Task prompt
Exact copies of the lines from the one holding "Com que posem" through the last line of the entries below are to be printed, with pictures omitted.

Records from a collection:
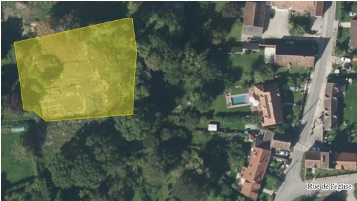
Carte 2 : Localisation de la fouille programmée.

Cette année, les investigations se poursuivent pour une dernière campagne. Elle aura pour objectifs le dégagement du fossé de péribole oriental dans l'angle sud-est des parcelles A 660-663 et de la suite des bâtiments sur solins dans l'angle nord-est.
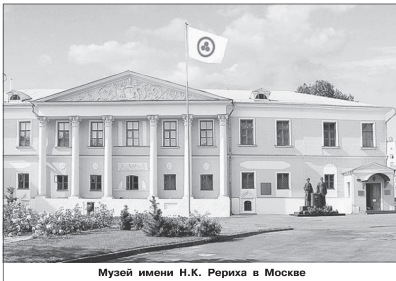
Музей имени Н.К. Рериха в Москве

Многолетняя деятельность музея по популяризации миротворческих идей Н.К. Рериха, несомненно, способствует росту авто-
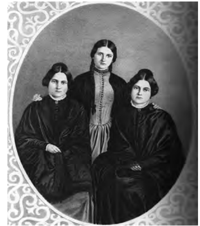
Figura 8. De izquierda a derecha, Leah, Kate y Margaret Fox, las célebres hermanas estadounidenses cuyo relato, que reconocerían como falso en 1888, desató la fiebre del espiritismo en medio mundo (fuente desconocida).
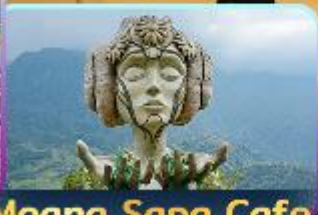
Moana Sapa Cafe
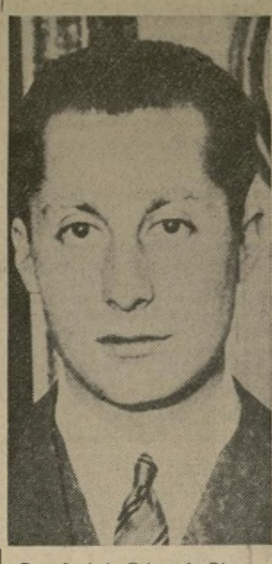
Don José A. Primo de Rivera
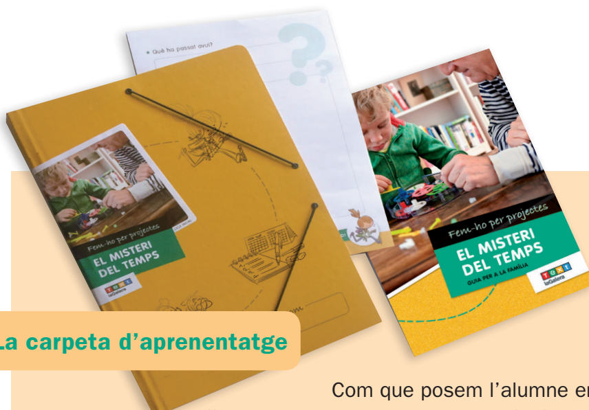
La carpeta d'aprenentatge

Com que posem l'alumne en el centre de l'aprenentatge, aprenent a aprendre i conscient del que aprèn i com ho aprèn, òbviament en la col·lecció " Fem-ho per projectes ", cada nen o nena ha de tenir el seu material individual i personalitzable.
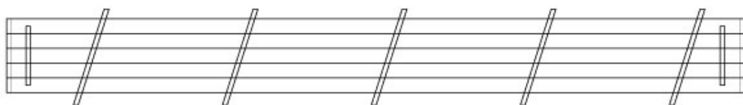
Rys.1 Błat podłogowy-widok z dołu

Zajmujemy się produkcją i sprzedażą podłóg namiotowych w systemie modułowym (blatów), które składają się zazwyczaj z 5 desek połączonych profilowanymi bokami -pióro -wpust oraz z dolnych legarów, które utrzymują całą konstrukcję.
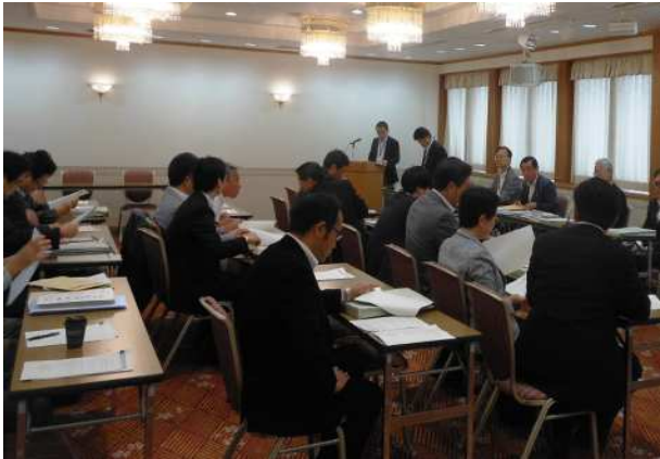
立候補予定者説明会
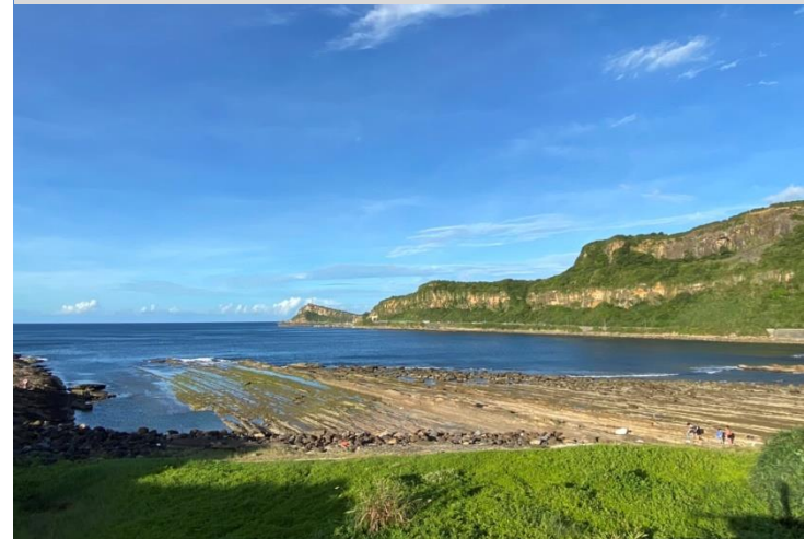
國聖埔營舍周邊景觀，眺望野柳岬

Task answer
Com que posem l'alumne en el centre de l'aprenentatge, aprenent a aprendre i conscient del que aprèn i com ho aprèn, òbviament en la col·lecció " Fem-ho per projectes ", cada nen o nena ha de tenir el seu material individual i personalitzable.
Rys.1 Błat podłogowy-widok z dołu

Zajmujemy się produkcją i sprzedażą podłóg namiotowych w systemie modułowym (blatów), które składają się zazwyczaj z 5 desek połączonych profilowanymi bokami -pióro -wpust oraz z dolnych legarów, które utrzymują całą konstrukcję.
立候補予定者説明会
國聖埔營舍周邊景觀，眺望野柳岬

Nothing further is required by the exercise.